Hacker News new | ask | show | jobs
by nkozyra 4413 days ago
It seems like a timeout is less reliable/safe than some broadcast/ping mechanism that can check availability perpetually and if a node has disappeared the validity of the lock changes.

Trying to remember which distributed system model it is that sort of does this. Ring? Mesh?

2 comments

For such a model to work I believe you need a distributed replicated state machine, and the clients to be an active part of the distributed system (not just participating doing requests), being able to reply to pings. Yes, there is a safety advantage in the model you describe, as if the time taken to finish with an operation is larger than expected, the other clients may want to wait more, but in the practice:

1) What you do if the client replies to pings but takes an apparently never ending time to perform the operation on the shared resource?
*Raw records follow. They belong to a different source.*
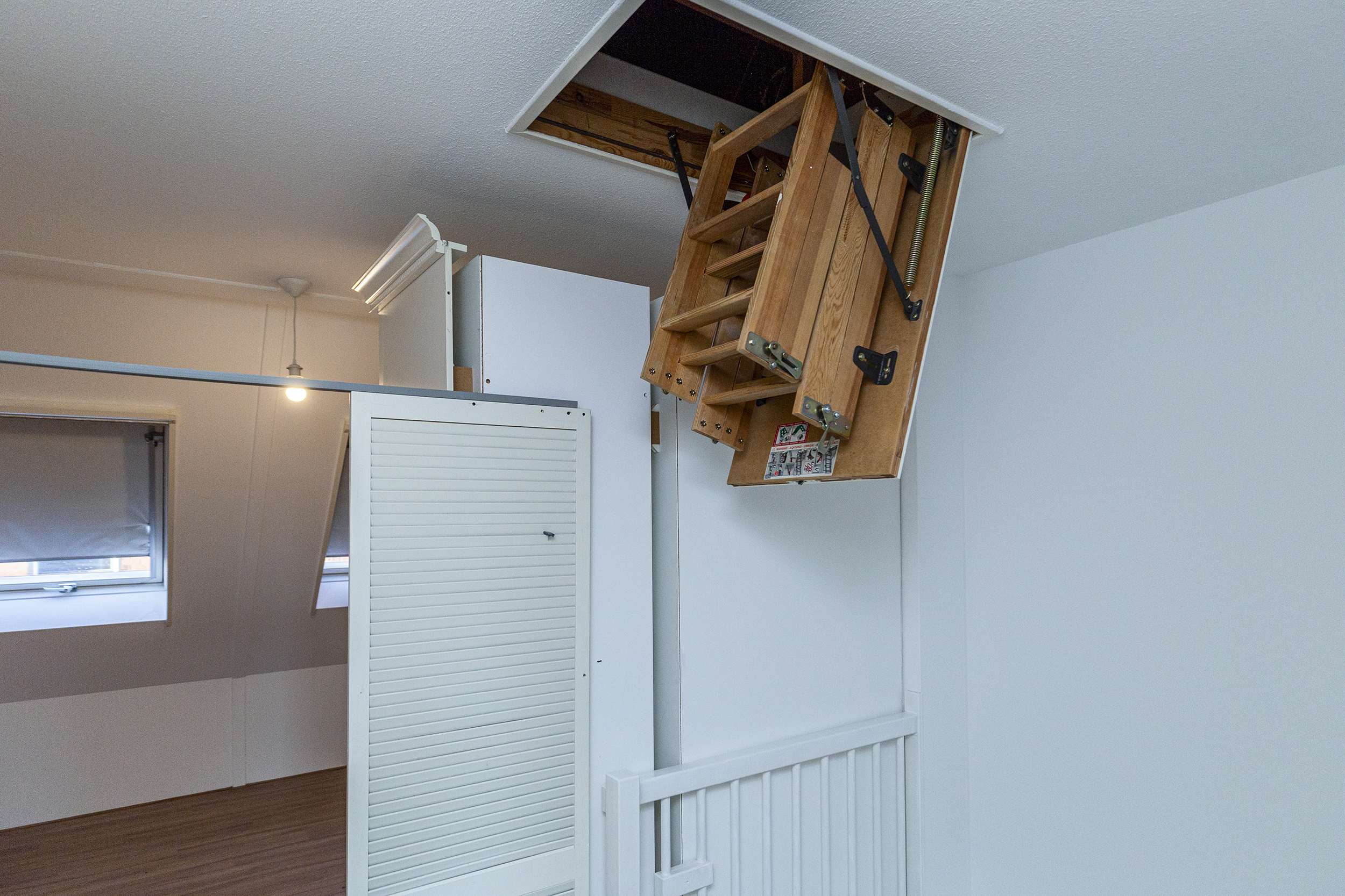 Vlizotrap naar de vliering met opstelplaats Cv-ketel en mechanische ventilatie, alwaar de mogelijkheid bestaat voor het creëren van een 4e slaapkamer middels het plaatsen van een vaste trap en een dakraam of baskapel.
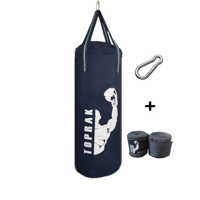 Boks Torbası Eldiven, Karabina ve Bandaj Hediyeli İçi Dolu 60x22cm Lacivert
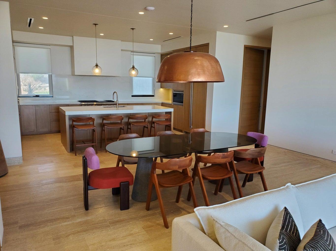 A rare, highly upgraded garden residence in Querencia. Verandas C-101 offers generous living spaces that open to a large private terrace and grassy garden—an uncommon feature within the community. Contemporary architecture is paired with a calm, grounding interior designed with natural materials, custom wood furnishings, clay accents, upgraded flooring, and enhanced interior doors throughout.

2) What about if the client is correctly operating on the shared resource but the only component which is failing is the system you use to check its availability?
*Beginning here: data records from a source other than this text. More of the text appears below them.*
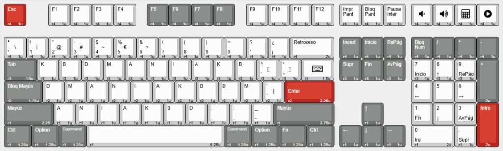 Sets kbdmania 145 keycaps: KEYCAPS INTERMEDIAS FILA R4 DEBEN SUSTITUIRSE Y MAPEARSE CON FUNCIONES TIPO «IMPR PANT» «SUPR» «PAUSA» ETC.
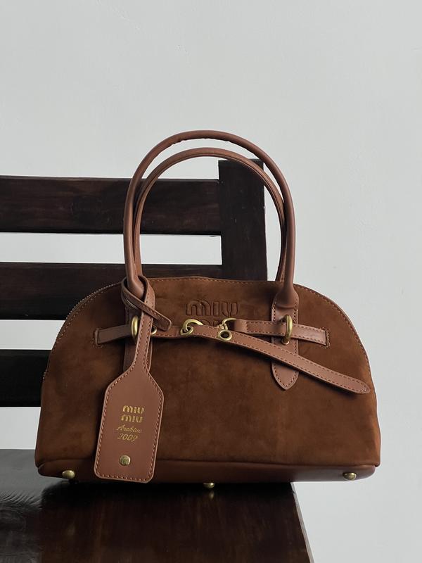 Сумка Miu Miu Aventure Nappa Suede КОД карамель 20071-3 Сумка із верхньою ручкою Aventure. На сумці виконано тиснення логотипу. Усередині одне відділення із кишенею. Наши логотип з бирками. Закривається на блискавку. Знімний, регульований шкіряний плечовий ремінь у комплекті, максимальна довжина 110см. Зістарена золотиста фурнітура металева. Матеріал: штучна замша високого класу. Розмір: 31 X 18 X 11см ⭐️ Пильовик в комплекті
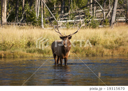 川を渡る鹿 エルク ワピチ イエローストーン国立公園
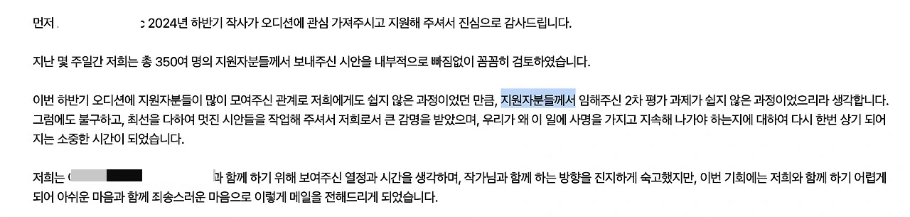 발매된 곡의 가사와 내 가사를 비교하고 필사도 해봤지만, 이 영역은 사실 '정확한 답'이라는 게 없지 않은가. 이번 곡을 공부한다고 다음 곡에 적용할 수 있는 것도 아니고, 무작정 엉덩이 붙이고 열심히 한다고 해서 성과가 나는 것도 아니다. 작년에 별도로 작사가 오디션에 참여한 적이 있었다. 2차 불합격이라는 통보 이메일을 받고 간절한 마음을 담아 제출한 시안에 대해 간단한 피드백을 받을 수 있을지 물었으나, 따로 답변은 오지 않았다. 350명의 시안을 일일이 검토하고 피드백을 줄 시간도, 여력도 없을 것이란 건 잘 알지만 어쩔 수 없이 취준 때 겪은 무력감이 또다시 들었다. 심지어 기업은 면접 불합격이면 거마비라도 주지만, 작사는 채택이 되지 않으면 작업한 시간과 노동력에 대한 아무런 보상도 받지 못한다.
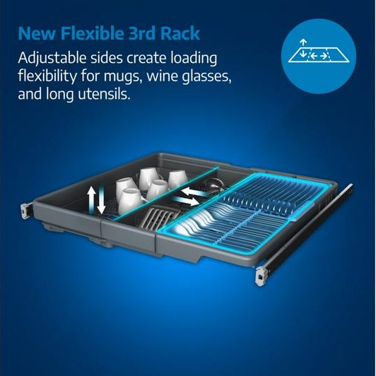 The Flexible Third Rack elevates the standard and adjustable cutlery tray, featuring adaptable and removable sides to fit wine glasses up to 24cm in the upper basket and mugs up to 7cm in the third rack. With a special zone for long utensils and height adjustability, it maximises loading space and flexibility.

1) I think a mix of the two approaches would work here - an actual timeout to a lock but not the only way of keeping a lock

2) I suppose that's always possible, but then what would happen is the lock would be released. Not ideal behavior but also not one that presents a data reliability issue.

That could increase throughput if you have a lot of crashing nodes but how does it improve safety or reliability?
Safety? It doesn't. Reliability? because it would prevent another node from acquiring a held lock if a server is available and release a lock if a server goes down.

There would never be a dirty read possible.